I re-attached the outboard lower skin, sliding it below the outboard nose skin - this too will be it's final position. The three clecos at the spar hold everything square, but I'll wait to drill the second row of A5 rivets where nose and lower skins overlap once I have the wingtip trimmed and in place:
Speaking of wingtip, you might recall I decided to wait on trimming the outboard top wing skin until the wingtip is in place. I decided to trial fit the cardstock template and although still in very rought layout, it looks promising!
The yet to be wrapped overhanging nose skin doesn't leave a lot of room between the workbench and the counter!
To give myself (and Ron) some room to work, I sued a couple pieces of twine and tied the nose skin loosely down and out of the way. This gave me the room to work I needed to layout and pilot drill the nose ribs:
Next up is the strut support angle. This is a piece of 032, bent in an L shape which helps transfer the load of the wing strut back and across the wing rib and wing structure.
In the picture below you can see the lateral skin stiffeners temporarily mounted on the outside of the lower skin. The eventually will be inside the wing, i just have them there to help keep everything firmly in place while I was pilot drilling the rib holes. Perpendicular to that is the strut support angle which mounts on the outside of the wing. According to the plans, the support angle is supposed to only go as far back as shown, about 40mm short of the the lateral stiffeners - this makes absolute no sense to me. Why would they leave it short of the lateral support? I double and triple checked the plans and it clearly shows it short like the picture below..... strange choice by the designer.

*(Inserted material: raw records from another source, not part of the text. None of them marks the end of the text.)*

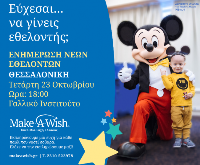 Στις 23 Οκτωβρίου 2019, η ομάδα του Κάνε-Μια-Ευχή Ελλάδος θα βρίσκεται στο Γαλλικό Ινστιτούτο για ενημέρωση νέων εθελοντών. Όσοι ενδιαφέρεστε να ενταχθείτε στο εθελοντικό δυναμικό του οργανισμού και να προσφέρετε δύναμη στα παιδιά που αγωνίζονται για τη ζωή τους, δεν έχετε παρά να δηλώσετε συμμετοχή.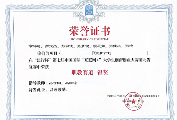 大二时,在老师的指导下,她和同学们一起参加第七届中国国际“互联网+”大学生创新创业大赛湖北省复赛,她们的创新创业项目《FX洗护计划》还获得了银奖。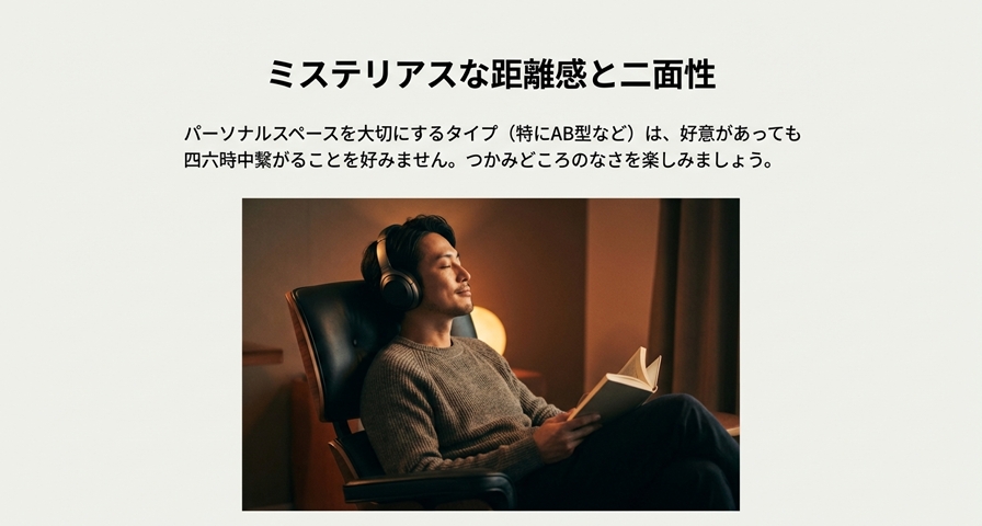 自分のパーソナルスペースをとても大切にするため、たとえ好意があっても四六時中繋がっていることを好まない人が多いんです。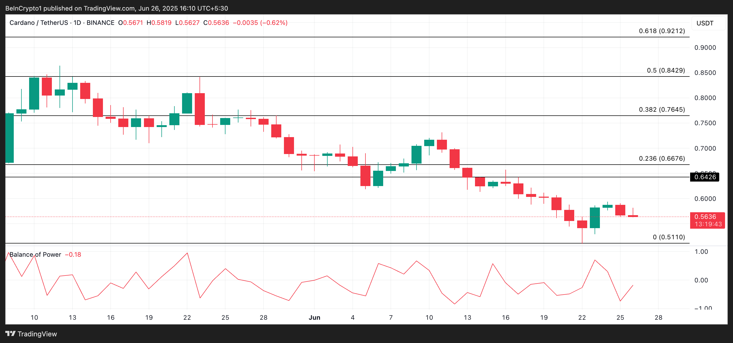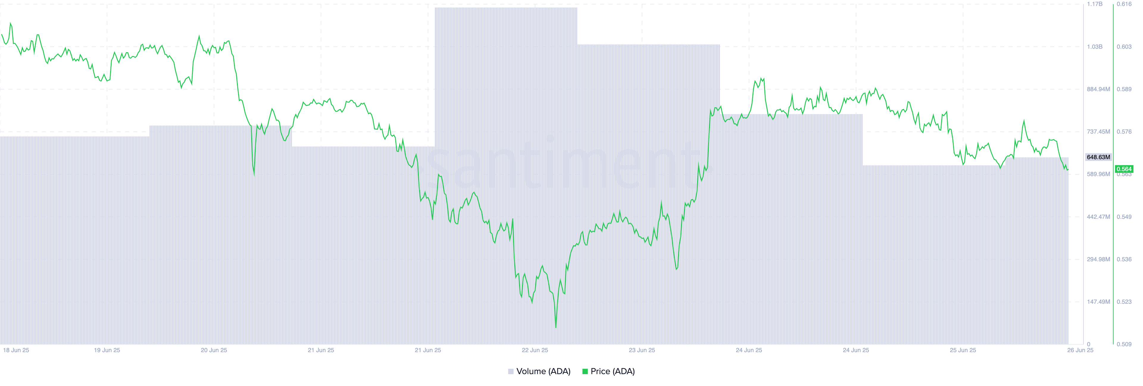 Однако на этом фоне интерес рынка к ADA не вырос. На момент написания этого анализа токен торгуется по $0,564, снизившись на 3% за сутки. Суточный объем торгов за этот период вырос почти на 10%, что указывает на усиление давления продаж. На момент публикации показатель составляет $649 млн.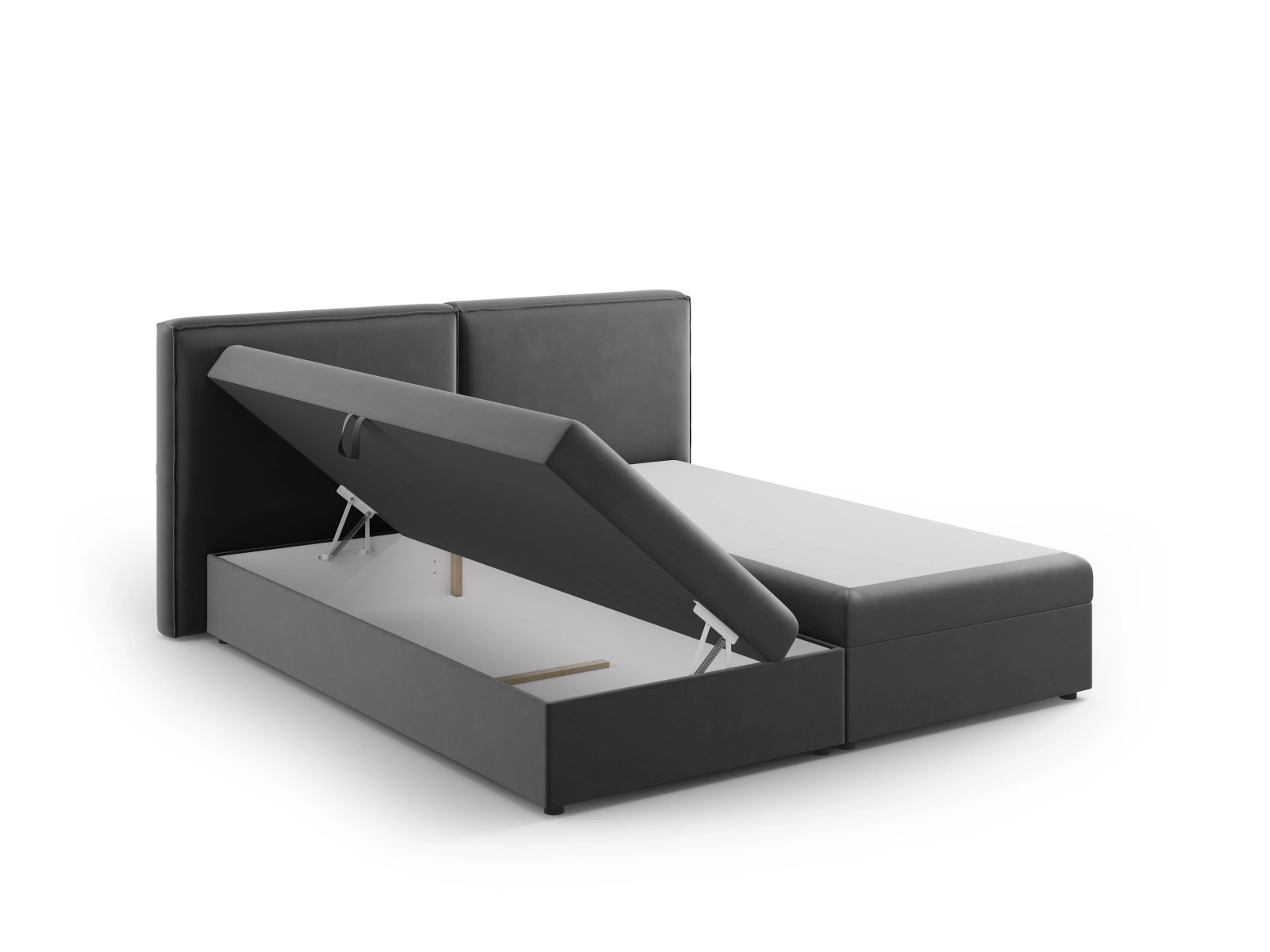 Łóżko Jodie 140x200 to nowoczesne, szare łóżko tapicerowane welwetem, które doskonale wpisuje się w styl glamour i zapewnia komfortowy sen w każdej sypialni. Wyróżnia się przestronną powierzchnią spania 140x200 cm, aksamitnym wykończeniem oraz praktycznym pojemnikiem na pościel, pozwalającym na wygodne przechowywanie. Solidna konstrukcja oparta na drewnie sosnowym oraz w zestawie stelaż to gwarancja stabilności i trwałości, a wysokie, miękkie zagłowie podnosi wygodę codziennego użytkowania.

I decided to deviate a little here. I'll extend my support angle back to meet the lateral supports. It adds more strut support with very little work or weight penalty and I'm not adding any new holes or rivets in doing so:
Once bent, each end of the 032 strut support angle is tapered:
Before adding that support angle to the lower wing surface, I'll need to know exactly where the strut support protrudes through the wing at the spar so I can fit them together properly. So until that was done, I set it aside for the moment and focused on the jury strut angles which needed to be attached.
Jury struts are diagonal braces that run between the middle point of the main wing struts and the wing. That triangular structure adds even more rigidity to the wing structure. The jury struts attach to the wing with simple (so I thought) 025 brackets. I made the ones I needed way back when I had some scrap 025 metal cut-offs from the wing rib blanks (that was a couple of years ago - jeez time is flying by). They are the ones on the left below.
Turns out the scaling I calculated back then was skewed and the original PDF cardstock templates I created was incorrect. I tried using them and bending them as per the plans and made several bad ones before deciding it was time to re-do the templates new (shown on the right). The CriCut Maker does this so much better than manually scaling a PDF to print on cardstock!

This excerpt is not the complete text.